💡 Quick Summary
Mutate DNA introduces random base substitutions into a DNA sequence. You can control the number of mutations per sequence and whether the first and last three bases are protected — useful for preserving start and stop codons. Mutated sequences can serve as negative controls or help evaluate the significance of sequence analysis results.
📋 How to Use
- Paste a raw DNA sequence or one or more FASTA sequences into the textarea. Input limit: 1,000,000,000 characters.
- Set the number of mutations to introduce into each sequence (default: 10). Multiple mutations may land on the same position.
- Choose whether the first three bases can or cannot be mutated (default: cannot — preserves the start codon).
- Choose whether the last three bases can or cannot be mutated (default: can).

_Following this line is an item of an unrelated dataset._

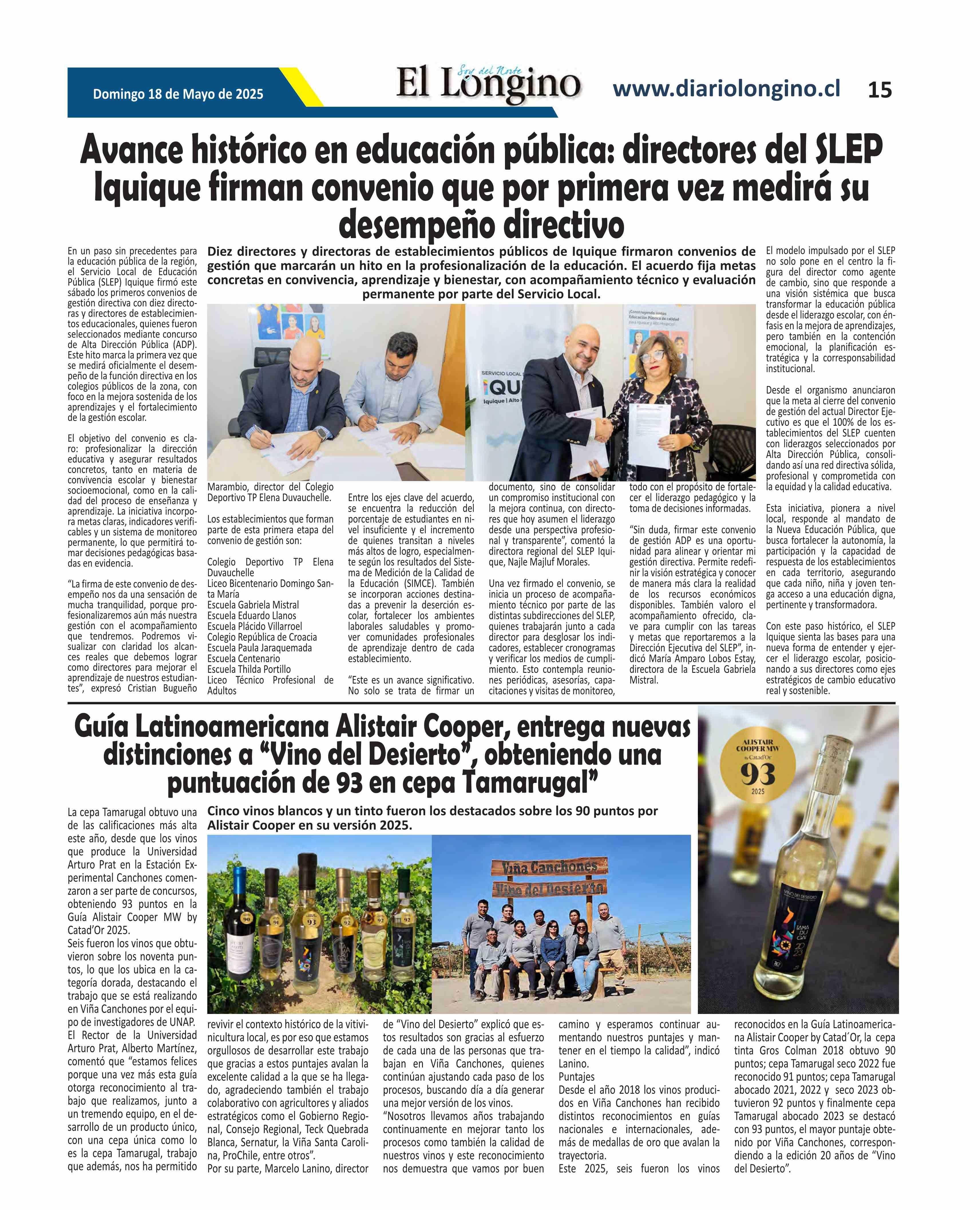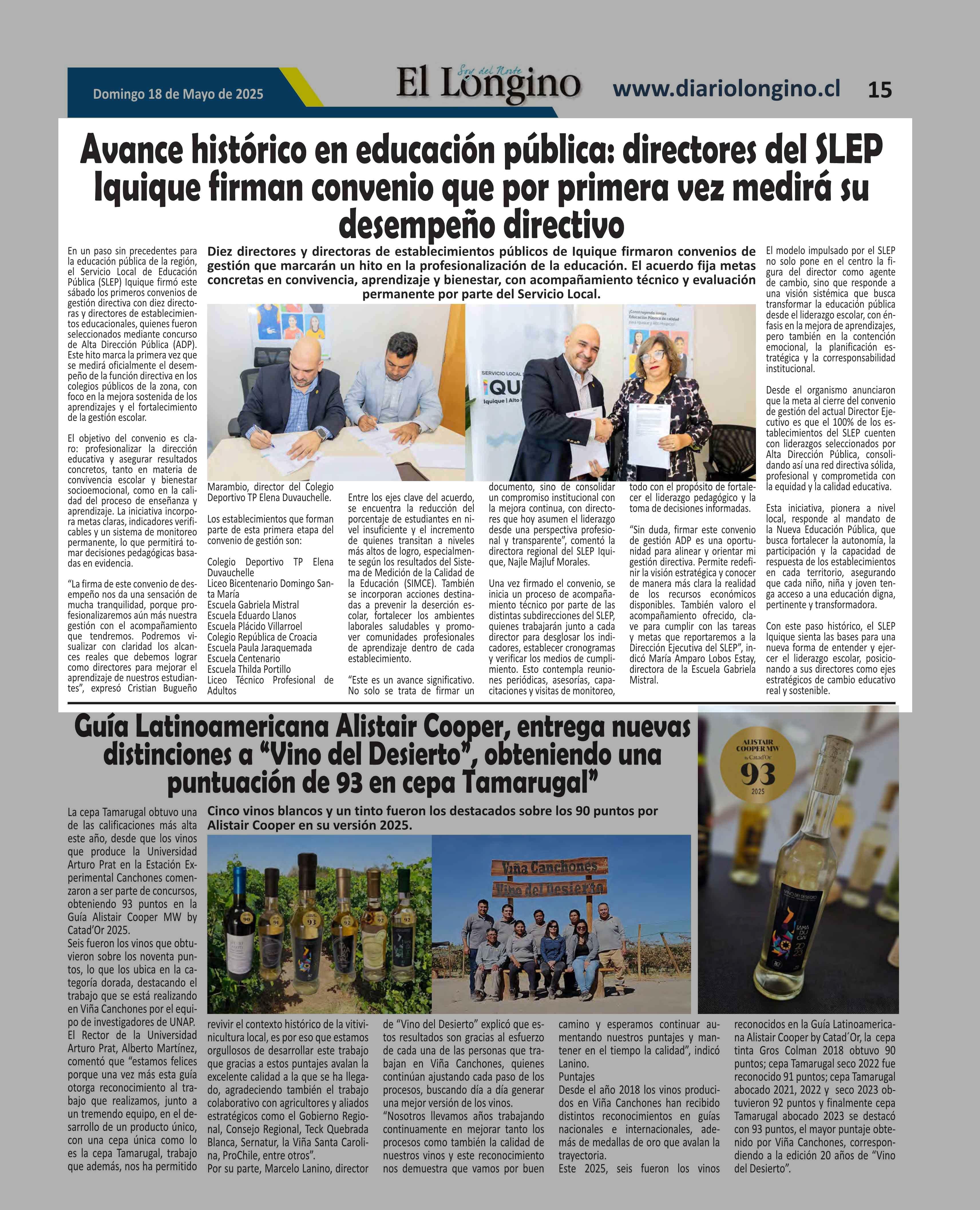 Avance histórico en educación pública: directores del SLEP Iquique firman convenio que por primera vez medirá su desempeño directivo 18-05-2025 El Longino |

- Click Run. Each input sequence is mutated independently and output as a FASTA record. Use Copy to copy the plain-text result.
🔬 Applications
- Generating negative-control sequences for sequence analysis benchmarks
- Evaluating how many random mutations are needed to disrupt a motif or binding site
- Producing synthetic mutant libraries for in silico analysis
- Testing the robustness of ORF finders, pattern search tools, or alignment algorithms against noisy sequences
⚠️ Common Mistakes & Warnings
Each mutation picks a position at random within the allowed range. Multiple mutations can affect the same position, so the actual number of changed bases may be less than the requested mutation count.
Numbers, spaces, and any non-IUPAC characters are removed from the input before processing. The mutation count applies to the cleaned sequence.
When "cannot" is selected, positions 1–3 (start) or the final 3 positions (end) are excluded from the random mutation range. This is useful for sequences where the ATG start codon or a stop codon must be preserved.